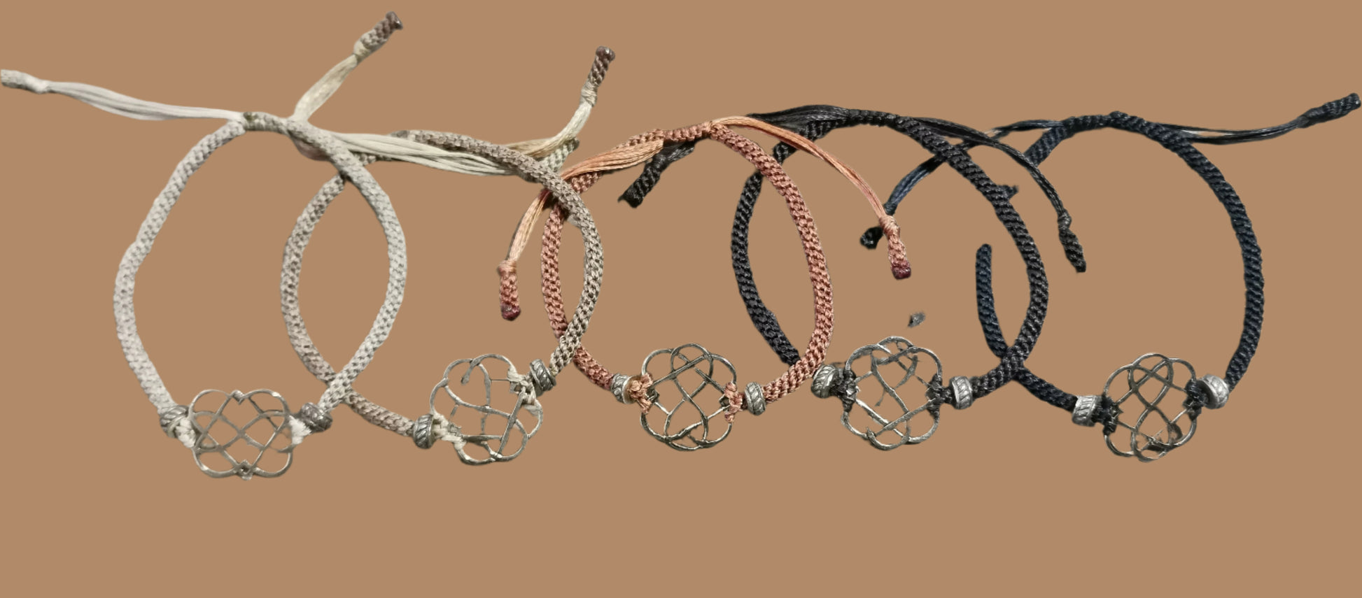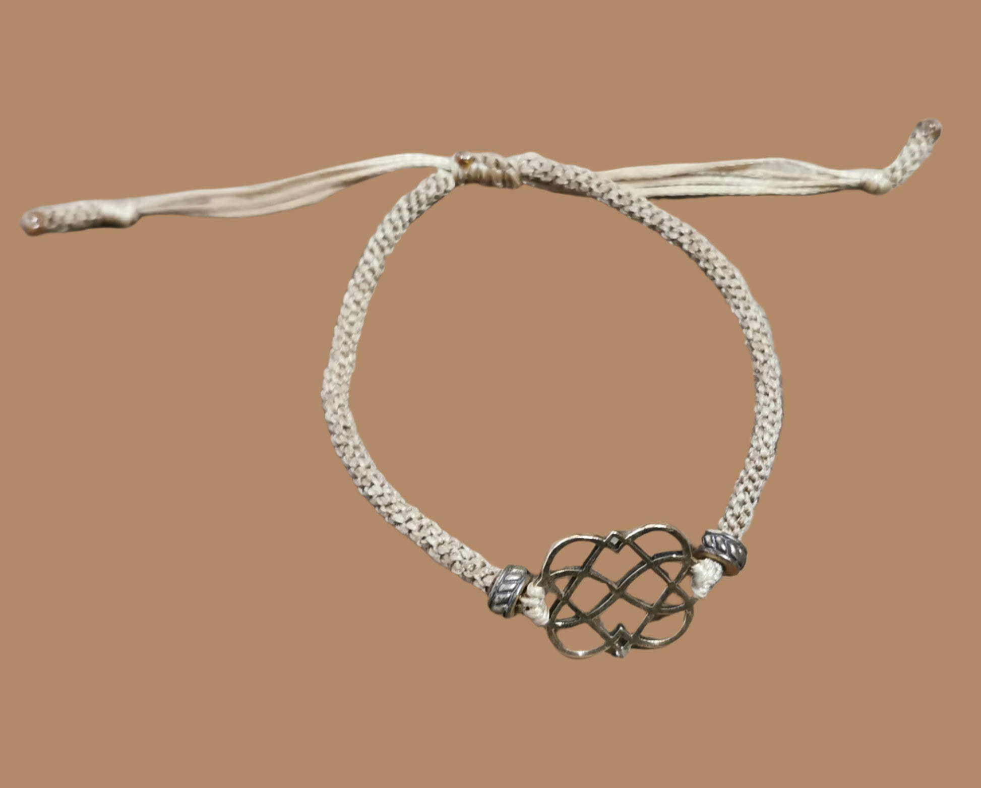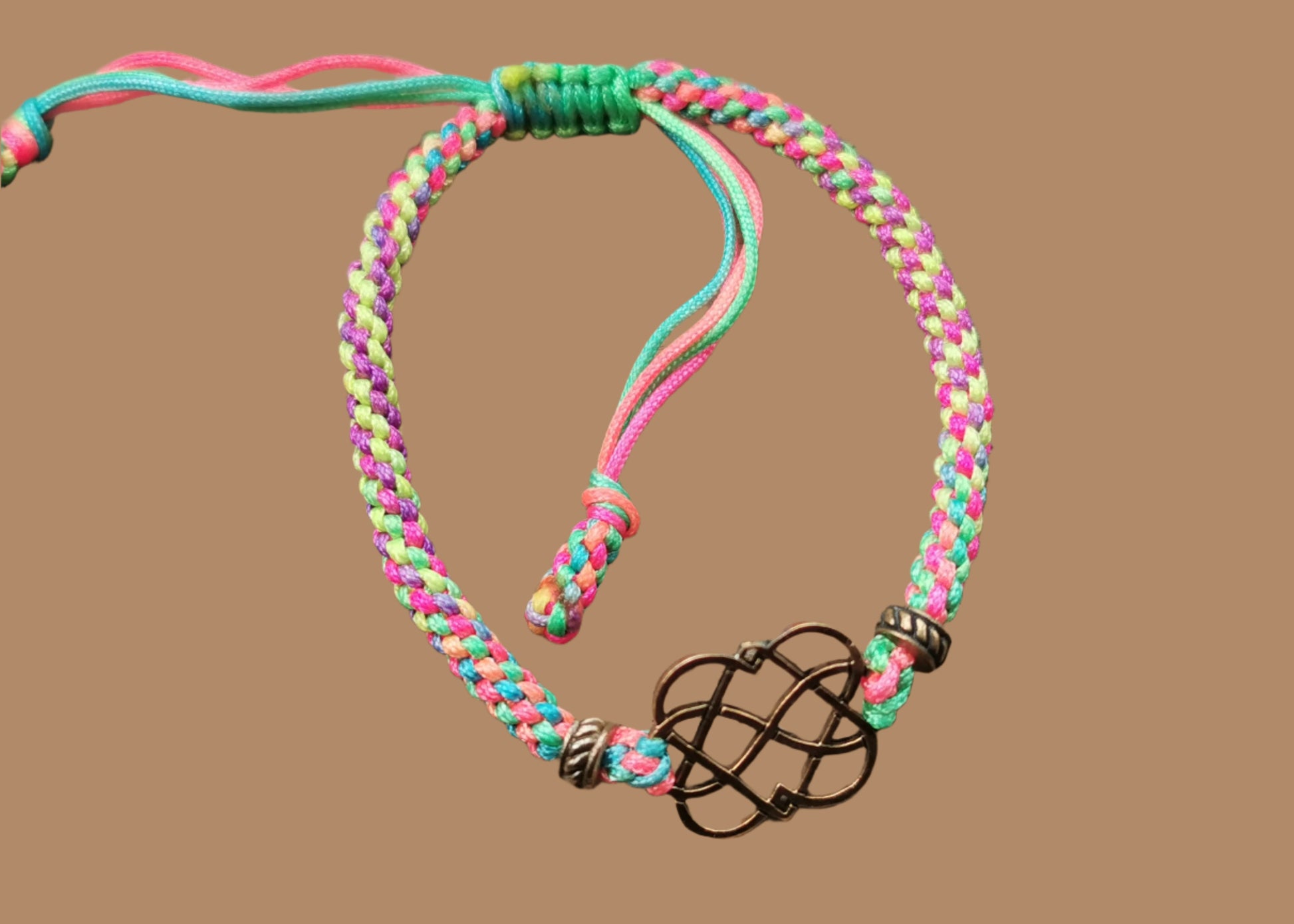 Ref.BR0019 - Nylon bracelet with two hearts entwined with the infinity symbol.
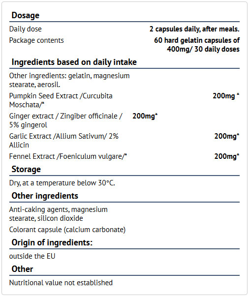 Съставки: Екстракт от тиквено семе, екстракт от джинджифил (5% джинджерол), екстракт от чесън (2% алицин), екстракт от резене
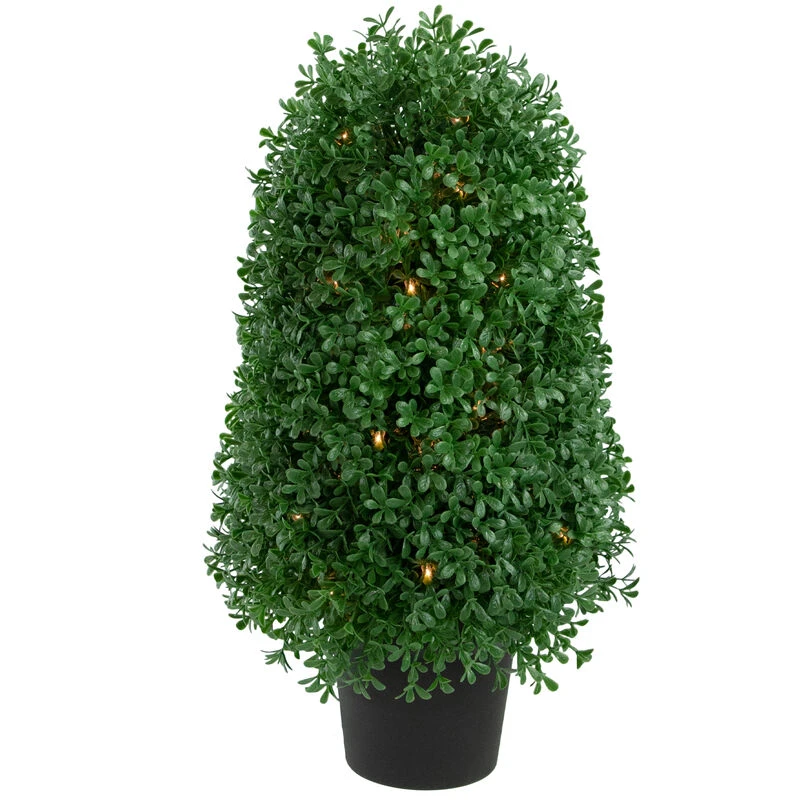18″ Pre-Lit Artificial Boxwood Cone Topiary Tree with Round Pot Clear Lights
-----
Line for line, restate the data above and omit every picture.

* [EXERCISE RESPONSE]:
 Ref.BR0019 - Nylon bracelet with two hearts entwined with the infinity symbol.
 Съставки: Екстракт от тиквено семе, екстракт от джинджифил (5% джинджерол), екстракт от чесън (2% алицин), екстракт от резене
18″ Pre-Lit Artificial Boxwood Cone Topiary Tree with Round Pot Clear Lights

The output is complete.